The last decade has seen an explosion in high-throughput technologies, making it relatively straightforward to generate biomedical datasets of billions of data points in a short time. Such datasets often require more time to be analyzed than to be generated. Since large-scale datasets will only become larger and more common in the future, it is essential for biomedical researchers today to possess the skills to manipulate and analyze them and for new computational and statistical methodology to be developed to perform these analyses.
This tutorial will survey statistical methods and software to analyze diverse experimental data from a network point of view. We will focus on gene expression data and single gene perturbation screens, describing approaches to make the step from the parts list to the wiring diagram by using phenotypes for network inference and integrating them with complementary data sources. We will discuss scaling these techniques to very large data compendia (e.g. thousands of expression arrays) and statistical methods for mining the resulting inferred biological networks.
Upon completion of this course, participants should be able to:
- Perform detailed analyses of single microarray experiments using R/Bioconductor.
- Construct nested effects and other statistical models from single gene perturbation screens.
- Integrate large biological data collections, including hundreds or thousands of gene expression conditions or other experimental results.
- Perform basic network mining and functional mapping to interpret the resulting biological networks.
Content and instructional methods
Participants will be made familiar with statistical challenges appearing in expression data analysis, gene perturbation screens, large scale data integration, and biological network mining. Algorithms will be introduced and discussed shortly and we will give pointers to available implementations and software. The course will aim for breadth rather than depth, providing links to additional information where possible, and will focus on concepts that can be applied in the participants' own biomedical or statistical research.
The following is a list of topics covered in the course. Topics will include a mix of theory, examples, data analysis, and brief computing demonstrations.
- Introduction to gene expression microarrays;
- Introduction to expression data analysis in R/Bioconductor;
- Gene perturbation screens;
- Nested effects models;
- Introduction to experimental and functional data types/sources;
- Biological network models;
- Biological network and data integration;
- Functional mapping and large scale network mining.
Curtis Huttenhower is an Assistant Professor in the Biostatistics Department at the Harvard School of Public Health in Boston, MA. Dr. Huttenhower's methodological research focuses on large-scale data mining and network models, with biological applications in microbial population and metagenome characterization. Dr. Huttenhower's collaborations include experimentalists from the Human Microbiome Project, Nurse's Health Study, and Health Professionals Followup Study, providing a diversity of practical large-scale genomic data.

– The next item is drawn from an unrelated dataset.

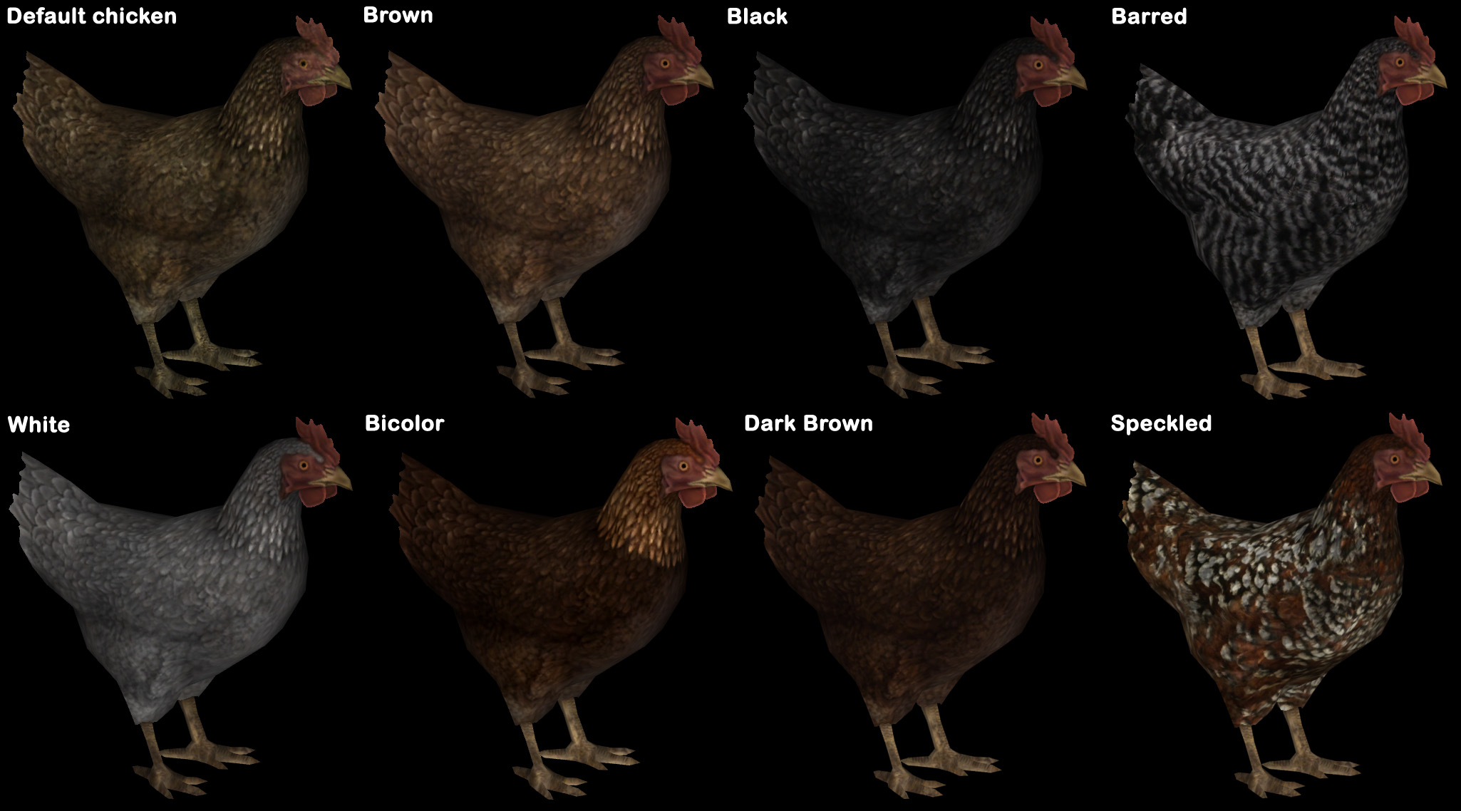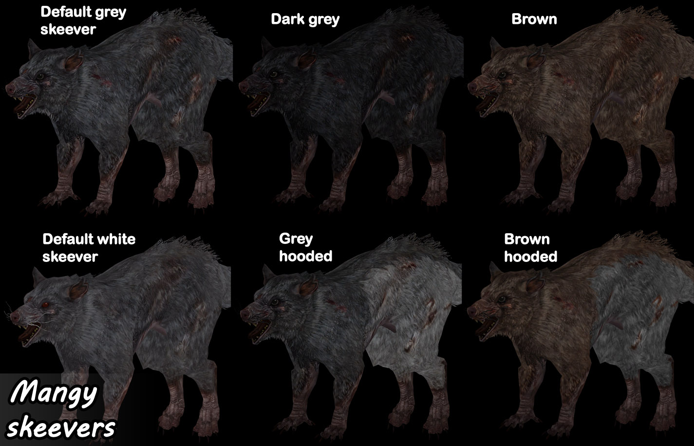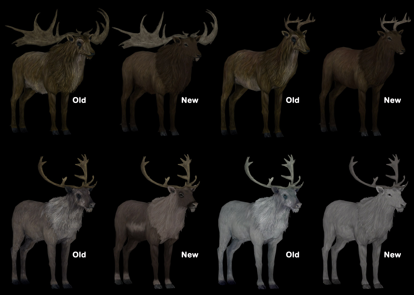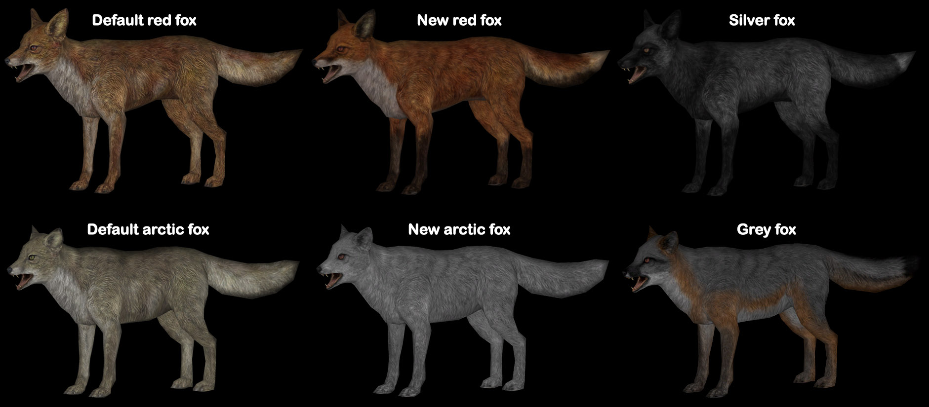В сборник включены текстуры волков, корусов, мамонтов, лошадей, оленей, собак, хоркеров, саблезубов, стрекоз, злокрысов, оборотней, грязекрабов, козлов, куриц, медведей, кроликов, коров, пауков, лисиц, ястребов.

Florian Markowetz is a Group Leader at the Cancer Research UK Cambridge Research Institute in Cambridge, UK. Dr. Markowetz has extensive experience in analyzing gene perturbation screens and developing novel methodology to address the unique features of gene perturbation data. Dr. Markowetz works in several close collaborations to analyze gene perturbation screens, which have given him a wide overview of which challenges arise in real-world studies and how to address them computationally.